# Sparse PARAFAC with missing values

This notebook is based on [sparse_demo.ipynb](sparse_demo.ipynb#parafac). 

As before, we start with a random sparse tensor, constructed so that it has a tensor factorization of rank 5.

Because masked PARAFAC can take longer to converge than non-masked PARAFAC, we will use a smaller tensor than in the other notebook.

In [1]:
shape = (1000, 1001, 1002)
rank = 5

import sparse
starting_factors = [sparse.random((i, rank)) for i in shape]
starting_factors
starting_weights = sparse.ones(rank)

In [3]:
from tensorly.contrib.sparse.kruskal_tensor import kruskal_to_tensor
tensor = kruskal_to_tensor((starting_weights, starting_factors))
tensor

0,1
Format,coo
Data Type,float64
Shape,"(1000, 1001, 1002)"
nnz,5094
Density,5.0787535817475934e-06
Read-only,True
Size,159.2K
Storage ratio,0.0


In [4]:
tensor.nbytes / 1e9                # Actual memory usage in GB

0.000163008

In [5]:
import numpy as np
np.prod(tensor.shape) * 8 / 1e9    # Memory usage if array was dense, in GB

8.024016

Now let's construct a random mask. A mask should be a boolean array of the same shape as the tensor, that is `False` (`0`) where there are missing values and `True` (`1`) where elements are not missing. 

It is important that the mask array have a fill value of `True`, that is, the zero entries of the original `tensor` should be considered non-missing. This is because internally the parafac algorithm generates dense arrays with as many elements as are False in the mask.

In [6]:
import sparse
missing_p = 0.3 # The fraction of nonzero entries from tensor which should be considered missing. The larger this number is, the harder it will be for PARAFAC to reconstruct the factors (meaning it may take more iterations to converge).

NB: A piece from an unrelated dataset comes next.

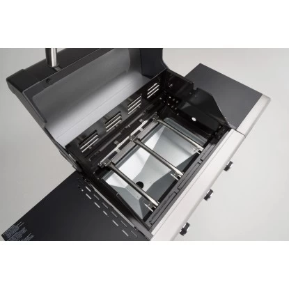 Die beiden SeitenflĂ€chen bieten ausreichend Platz und sind klappbar. Stellen Sie Ihre GewĂŒrze, Zutaten oder Geschirr bequem auf der zusĂ€tzlichen ArbeitsflĂ€che ab. Die drei Edelstahl-Brenner mit einer Leistung von je 3,5 kW sind stufenlos regulierbar. Dank der doppelwandigen Haube gelingt die Hitzeisolierung zuverlĂ€ssig. Die emaillierte Feuerschale ist auĂerdem sehr hitzebestĂ€ndig.

mask = sparse.COO(coords=tensor.coords, data=np.random.choice([False, True], size=tensor.nnz, p=[missing_p, 1-missing_p]), shape=tensor.shape, fill_value=True)
# This clears the True values from the mask.data
mask = sparse.elemwise(lambda x: x, mask)
mask

0,1
Format,coo
Data Type,bool
Shape,"(1000, 1001, 1002)"
nnz,1503
Density,1.4985014985014984e-06
Read-only,True
Size,36.7K
Storage ratio,0.0


Now we factor the tensor. In order to demonstrate that there are no tricks up our sleeve, we multiply the tensor by the mask to clear the "missing" values. The mask is passed in as a keyword argument to `parafac()`. 

Note that at this time, you have to use the `parafac` function from the sparse backend when using a sparse mask to avoid memory blowups.

In [7]:
import time
%load_ext memory_profiler
from tensorly.contrib.sparse.decomposition import parafac

In [15]:
%%memit
start_time = time.time()
sparse_kruskal = parafac(tensor*mask, rank=rank, init='random', verbose=True, mask=mask)
end_time = time.time()
total_time = end_time - start_time
print('Took %d mins %d secs' % (divmod(total_time, 60)))

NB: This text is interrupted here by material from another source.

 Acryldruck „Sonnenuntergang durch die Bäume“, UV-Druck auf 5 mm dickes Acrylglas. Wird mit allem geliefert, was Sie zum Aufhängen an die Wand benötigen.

reconstruction error=0.8175833368555955
iteration 1, reconstruction error: 0.4582569541516581, decrease = 0.35932638270393735, unnormalized = 6.059446087313438
iteration 2, reconstruction error: 0.37173227790593805, decrease = 0.08652467624572008, unnormalized = 5.0898443578716845
iteration 3, reconstruction error: 0.3433681340822257, decrease = 0.02836414382371233, unnormalized = 4.777701968504902
iteration 4, reconstruction error: 0.33827195176982416, decrease = 0.005096182312401554, unnormalized = 4.738296921651478
iteration 5, reconstruction error: 0.33671694244574846, decrease = 0.0015550093240757068, unnormalized = 4.730505969337963
iteration 6, reconstruction error: 0.3360651876425429, decrease = 0.000651754803205562, unnormalized = 4.728142499505644
iteration 7, reconstruction error: 0.33575261109873816, decrease = 0.0003125765438047323, unnormalized = 4.7273045932585855
iteration 8, reconstruction error: 0.33558942206153664, decrease = 0.00016318903720152766, unnormalized = 4.

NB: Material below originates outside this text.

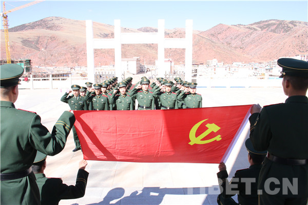 圖為駐芒康官兵重溫入黨誓詞。攝影:楊寧

Let's look at one of the values that was masked out.

In [16]:
mask.coords.T[0]

array([ 10,  59, 292])

In [17]:
mask[tuple(mask.coords.T[0])]

False

In [18]:
orig_val = tensor[tuple(mask.coords.T[0])]
orig_val

0.09704512781634266

See the [sparse_demo.ipynb](sparse_demo.ipynb) for how to calculate individual values from the factors.

In [19]:
weights, factors = sparse_kruskal
computed_val = np.sum(np.prod(sparse.stack([factors[i][idx] for i, idx in enumerate(tuple(mask.coords.T[0]))], 0), 0))
computed_val

0.09704496725694943

In [20]:
np.abs(orig_val - computed_val)

1.6055939322523471e-07

Obviously this is a constructed example, where we know the unmasked tensor has an exact factorization. But this demonstrates that given a tensor with missing values, which we have reason to believe is represented by a rank $r$ tensor decomposition, we should expect this decomposition to do a decent job at reconstructing those missing values (this may not be the case if the missing values are not randomly distributed across the tensor as we have here). 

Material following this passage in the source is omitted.